“They’re hypocrites. They only care about fetuses.”
“How many children have you adopted?”
“All they want to do is force women to give birth.”
These aren’t direct quotes, but they easily could be. Every once in awhile I skim the Abortion Rights Coalition of Canada’s page, just to see if they’ve come up with anything new that needs a response. Originality doesn’t appear to be their strong point. What does stand out to me, however, is what appears to be their ardent belief in the cruelty of pro-lifers. As they furiously type out accusatory chants such as you see above, the chorus of comments taking up the refrain is always somewhat surprising to me. Surely someone will note that pro-lifers aren’t all bad, and that they do, in fact, care at least a little bit about born people. If those comments did exist at one point, Joyce Arthur must have removed them before I got to them, and replaced them with complaints about the ‘fake clinics’.
What are fake clinics? Fake clinics are places where uncompassionate pro-lifers offer free counselling and resources to women in crisis, suspiciously as if they might care about them. Recently, my sister-in-law and I visited one of these places in Toronto. We had a load of baby paraphernalia to drop off, and had offered to stay and help organize donations. The Aid to Women (ATW) office is small but bright, and the attic upstairs is literally crammed floor to ceiling with anything that an expectant mother could possibly need: strollers, car seats, diapers, wipes, breast pumps, clothes, shoes, toys, receiving blankets, and so on.
What made the office somewhat eerie is the fact that the ATW office shares a wall with an abortion clinic that is set up next door. ATW stumbled across the location and moved in as soon as possible, knowing that being so close to an abortion clinic would mean that in many cases they would be the last hope of parents choosing life for their children. Many women do come through the door, some of them even mistaking ATW for abortion clinic. Some of them change their minds.

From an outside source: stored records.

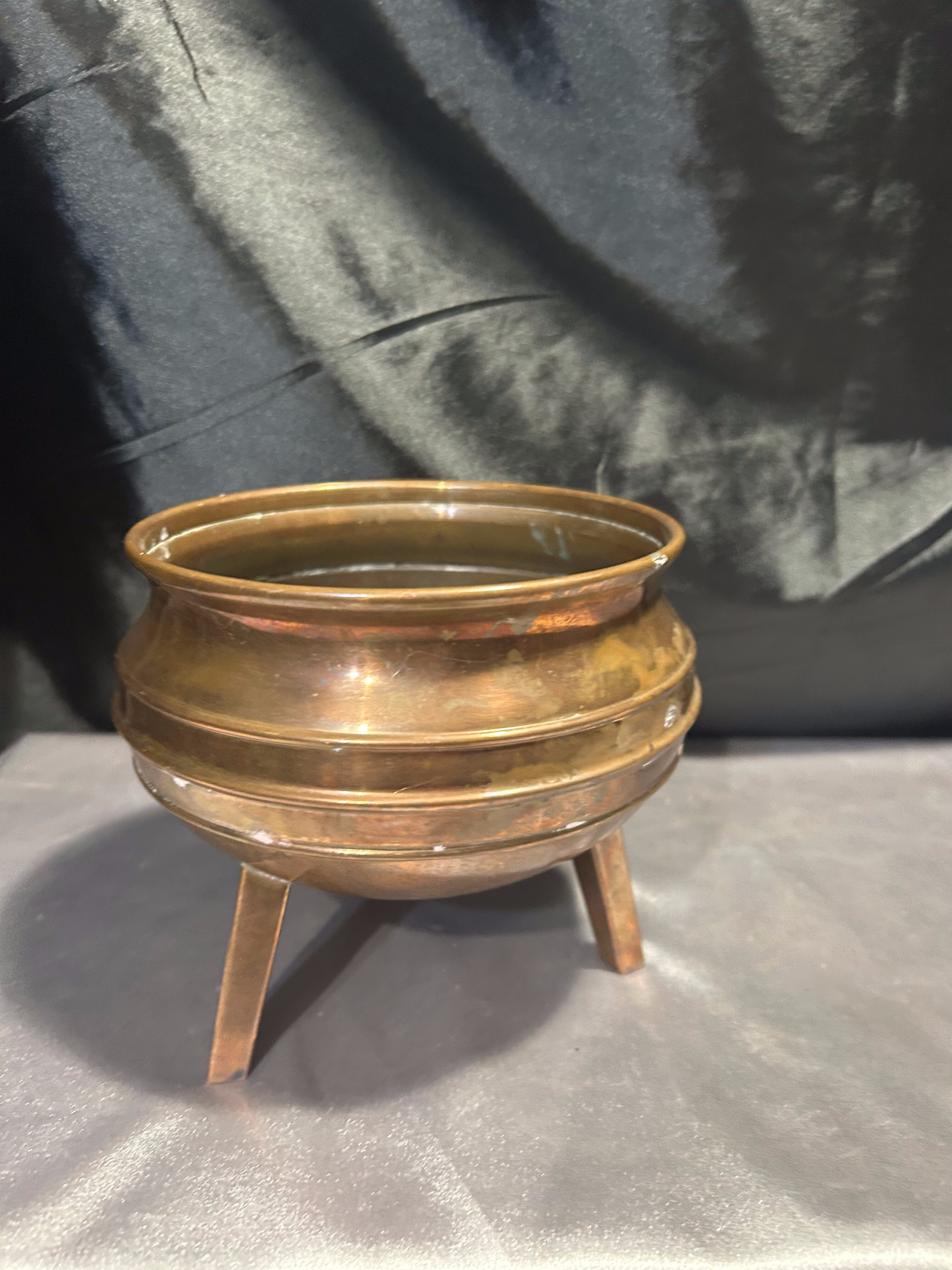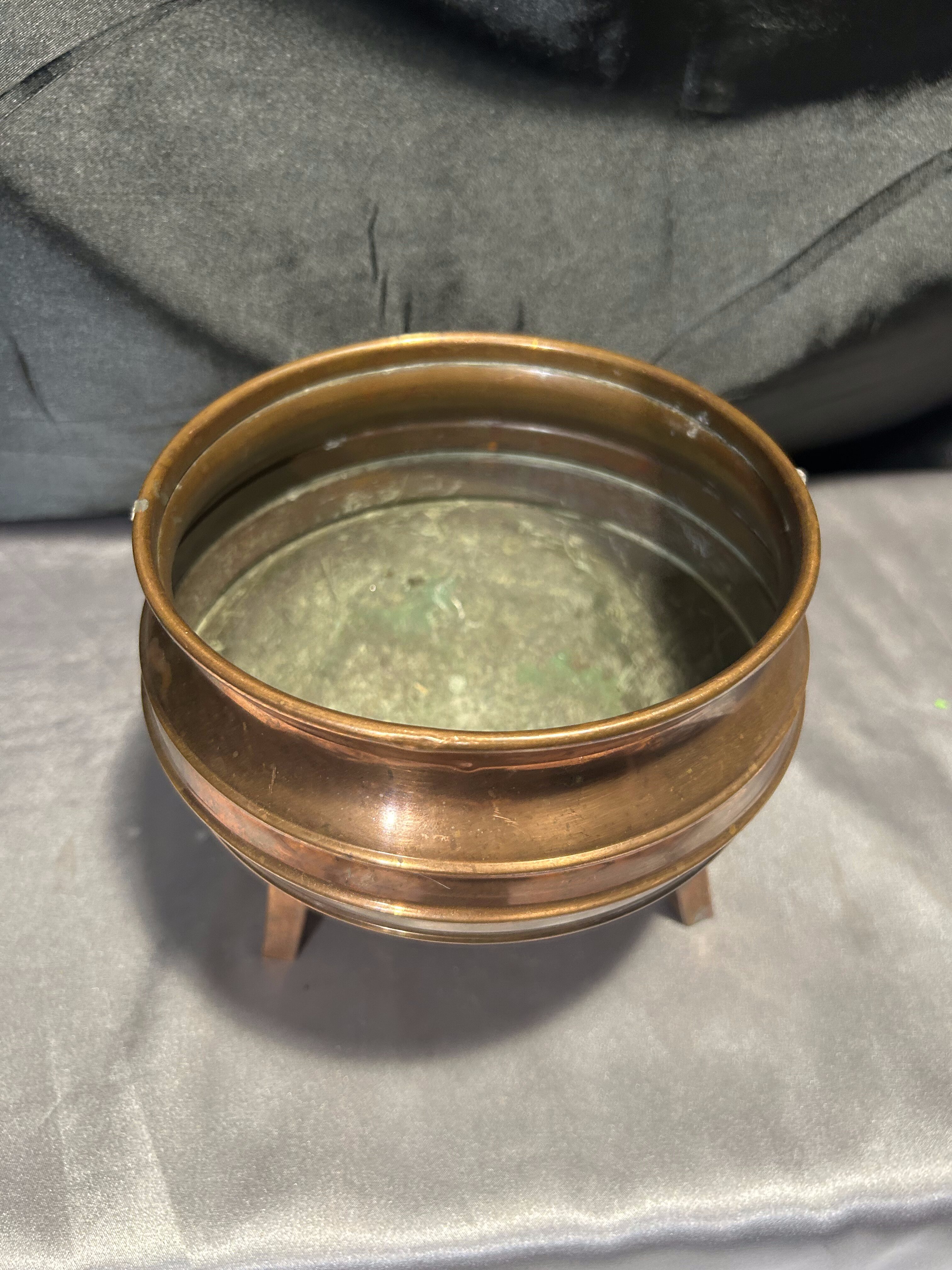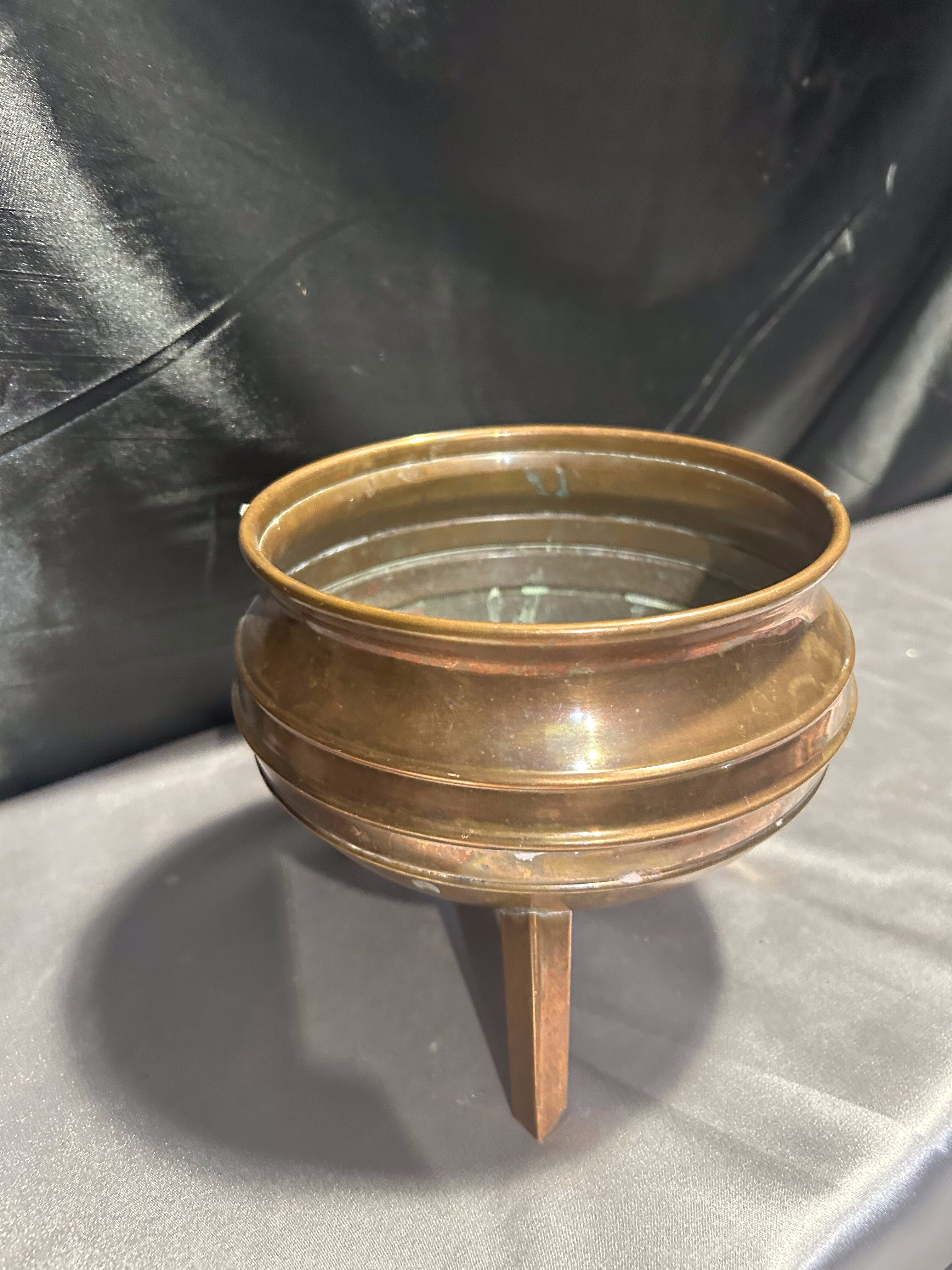 Na sprzedaż miedziana misa, która może pełnić funkcję pater lub kwietnika. Osadzona na trzech stabilnych nogach, wyróżnia się klasycznym designem oraz subtelną patyną, podkreślającą jej elegancki charakter.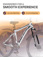 Galaxy Max Mountain Bike Steel 7 Speed Cycle 26 inch Tyre, White With Front Suspension, Single Wall Rim and Dual Disc Brakes Ideal For 5 ft to 5.7 ft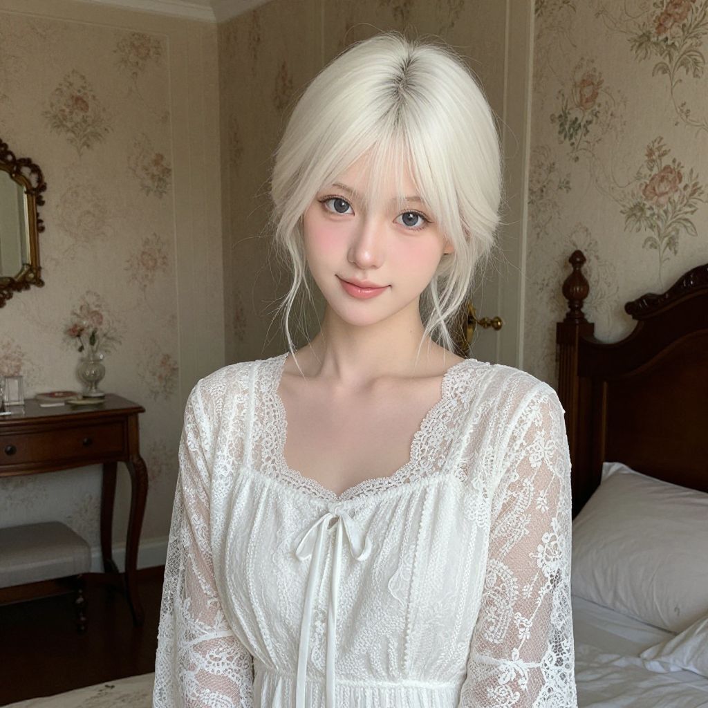 A beautiful Belgian lace lady with soft, porcelain skin and delicate features—high cheekbones, large expressive eyes, and a gentle smile—wears a vintage white lace dress in a quiet, sunlit antique bedroom with floral wallpaper and wooden furniture, exuding delicate white elegance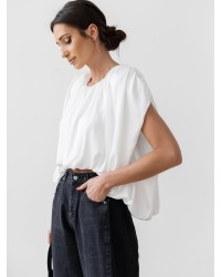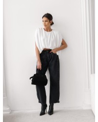Ta bluzka to połączenie subtelnej elegancji i nowoczesnego designu. Wykonana z lejącego, przyjemnego w dotyku materiału, pięknie układa się na sylwetce, tworząc delikatne, naturalne marszczenia. Jej luźniejszy krój zapewnia komfort, a jednocześnie wygląda niezwykle stylowo i lekko.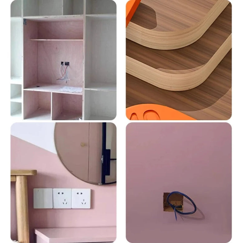 1. Multifunctional Design: This woodworking template integrates three essential functions into a single tool, making it ideal for a variety of tasks such as wardrobe installations and wall socket cutouts.

To say that pro-lifers don’t care about born people is an exhausted argument, so much so that it hardly warrants a response. It was just after seeing members of my own community stepping forward to donate gifts for women in need, meeting the kind ladies who work at ATW, and seeing bins and bins of baby clothes just waiting for little babies to need them that I felt frustrated enough to write something about it. I don’t believe all members of the pro-choice movement are ill-intentioned. I don’t believe that they all hate men and want to kill babies. I believe that many of them truly believe that they are fighting for the right side. That’s me being honest—it appears that it’s too much to ask for them to try pay us the same courtesy.